Give the whole listing below once more, exactly, without pictures.

- Data shown
___

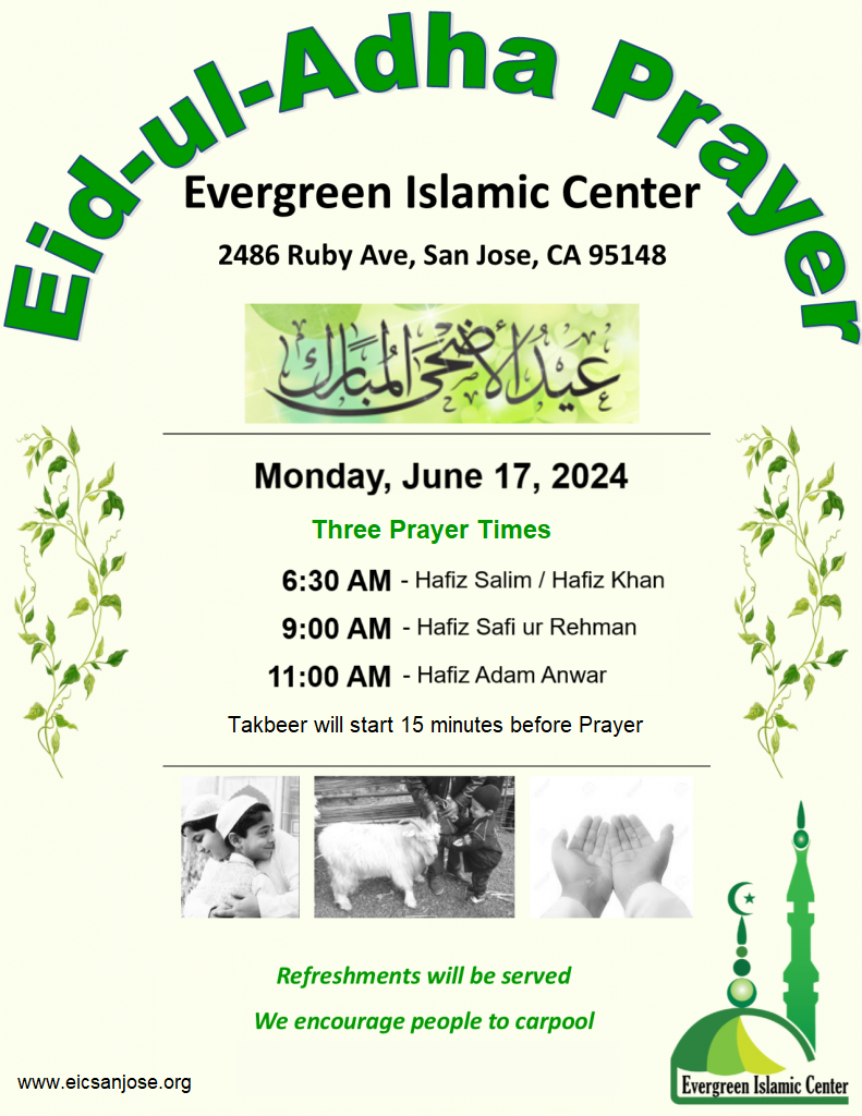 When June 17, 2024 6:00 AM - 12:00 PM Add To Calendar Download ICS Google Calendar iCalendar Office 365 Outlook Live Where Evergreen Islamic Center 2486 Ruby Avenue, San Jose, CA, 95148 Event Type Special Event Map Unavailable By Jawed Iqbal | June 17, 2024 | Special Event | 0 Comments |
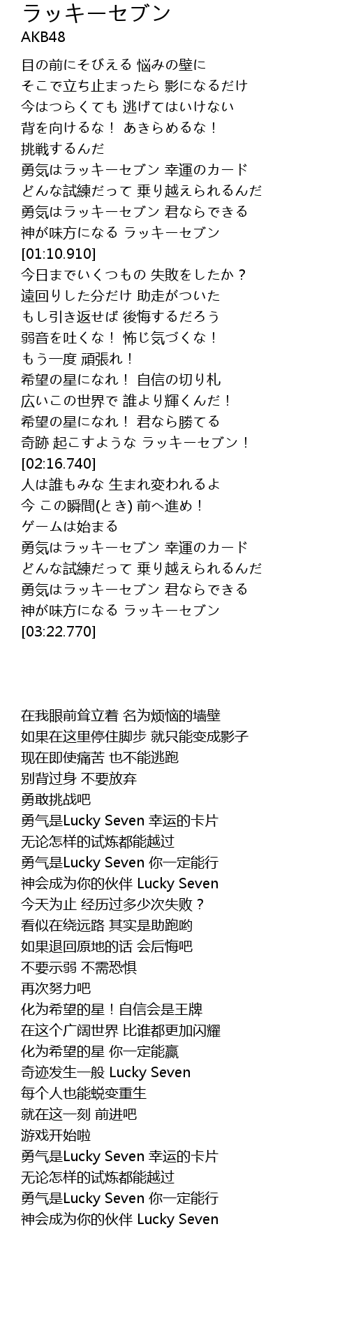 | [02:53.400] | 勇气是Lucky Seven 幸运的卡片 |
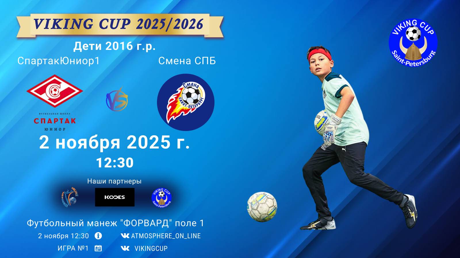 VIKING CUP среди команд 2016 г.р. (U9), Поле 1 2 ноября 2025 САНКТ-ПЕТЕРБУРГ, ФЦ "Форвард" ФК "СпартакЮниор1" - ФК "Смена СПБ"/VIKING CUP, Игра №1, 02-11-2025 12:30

___

- Answer to this task
 When June 17, 2024 6:00 AM - 12:00 PM Add To Calendar Download ICS Google Calendar iCalendar Office 365 Outlook Live Where Evergreen Islamic Center 2486 Ruby Avenue, San Jose, CA, 95148 Event Type Special Event Map Unavailable By Jawed Iqbal | June 17, 2024 | Special Event | 0 Comments |
 | [02:53.400] | 勇气是Lucky Seven 幸运的卡片 |
 VIKING CUP среди команд 2016 г.р. (U9), Поле 1 2 ноября 2025 САНКТ-ПЕТЕРБУРГ, ФЦ "Форвард" ФК "СпартакЮниор1" - ФК "Смена СПБ"/VIKING CUP, Игра №1, 02-11-2025 12:30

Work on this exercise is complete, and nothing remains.